По правде говоря, мне вовсе не тоскливо, но возражать я не стал и постарался изобразить на лице как можно более унылое выражение.
Фрау Лиссенкова задела у папы самое больное место, это я сразу смекнул. Когда кто-нибудь обмолвится о маме и намекнёт, что в одиночку папа, вероятно, не справляется с воспитанием, он всегда сникает.
Они с мамой развелись четыре года назад. А пять лет назад мы ездили на отдых в Австралию. Там мама познакомилась с новозеландцем, охотником на крокодилов, и рассталась с нами. На прощанье она сказала, чтобы мы с папой не скучали, что она любит жизнь, полную приключений, и не может больше проводить все дни, стоя за прилавком аптеки. Честно говоря, я вполне понимал, что она не хочет всю жизнь продавать таблетки. Папа тоже не в восторге от этого занятия. Больше всего ему нравится окрашивать таблетки в разные цвета, придумывать фруктовые жвачки необыкновенных оттенков или писать картину, которую он потом выставляет в витрине между витаминами и аэрозолями от насморка.
Мама всегда обожала приключения. Наверно, она унаследовала эту страсть от своего отца, моего деда с материнской стороны. Я с ним знаком не был. Он рано умер – при попытке спуститься по Ниагарскому водопаду в железной бочке. Правда, сам спуск окончился благополучно. Но разразилась сильная гроза, и в бочку ударила молния.
До того как мои родители поженились, мама часто охотилась на кабанов.

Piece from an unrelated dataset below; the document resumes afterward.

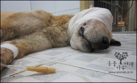 한 쪽 눈만 잃은 것이 아니라 아랫 턱과 눈 아래 뼈가 부러지도록 잔인한 학대를 당하여 심각한 외상후 스트레스 장애를 겪고 있는 찐자에게도 응원을 보내주세요!
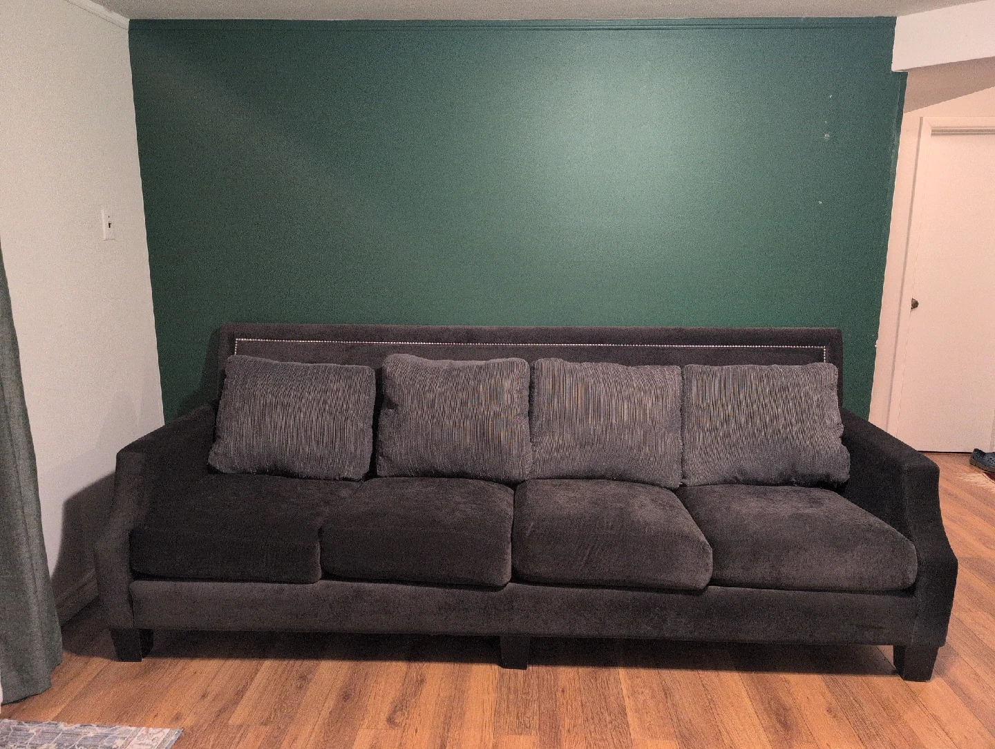 Selling a comfy dark grey sofa. It features stylish nailhead trim along the top. The sofa comes with four matching pillows. It's in great shape and ready for a new home! ($3,000) retail price.

Папа был в ужасе. Он любит животных и не может понять, как это люди решаются в них стрелять.
Мама уступила папе и стала стрелять только по пустым жестяным банкам, расставляя их на камнях в нашем дворе. Но тут соседи пожаловались на то, что их пугают выстрелы. Так что ей пришлось бросить и это занятие и стрелять только из воздушного пистолета в подвале под аптекой по мишеням, которые нарисовал папа. Иногда она невзначай попадала в какую-нибудь из папиных склянок с микстурами. Мама подметала осколки и прятала их в корзину для мусора, завернув в газету. Но наша уборщица всегда догадывалась, что произошло, и жаловалась папе: «Ваша жена опять разбила микстуру от кашля».
Папа всегда заступался за маму и говорил что-нибудь вроде: «Ну что ж, ничего страшного. Со всяким может случиться. Значит, придётся приготовить новую микстуру. У старой всё равно был какой-то неприятный цвет, она была чересчур зелёная».
Но мама, к сожалению, всё равно нас оставила.
И папа, когда мы летели из Австралии, сказал, чтобы меня утешить: «Теперь я буду тебе и папой, и мамой».
Дома я немного огорчился. Я-то думал, что папа, бывая мамой, станет переодеваться, чтобы походить на женщину. То есть наденет парик, колготки и юбку. И мне не терпелось посмотреть, какой у него будет вид. Теперь я, конечно, понял, что папа сказал это не в буквальном, а в переносном смысле. Но ведь тогда я был намного младше.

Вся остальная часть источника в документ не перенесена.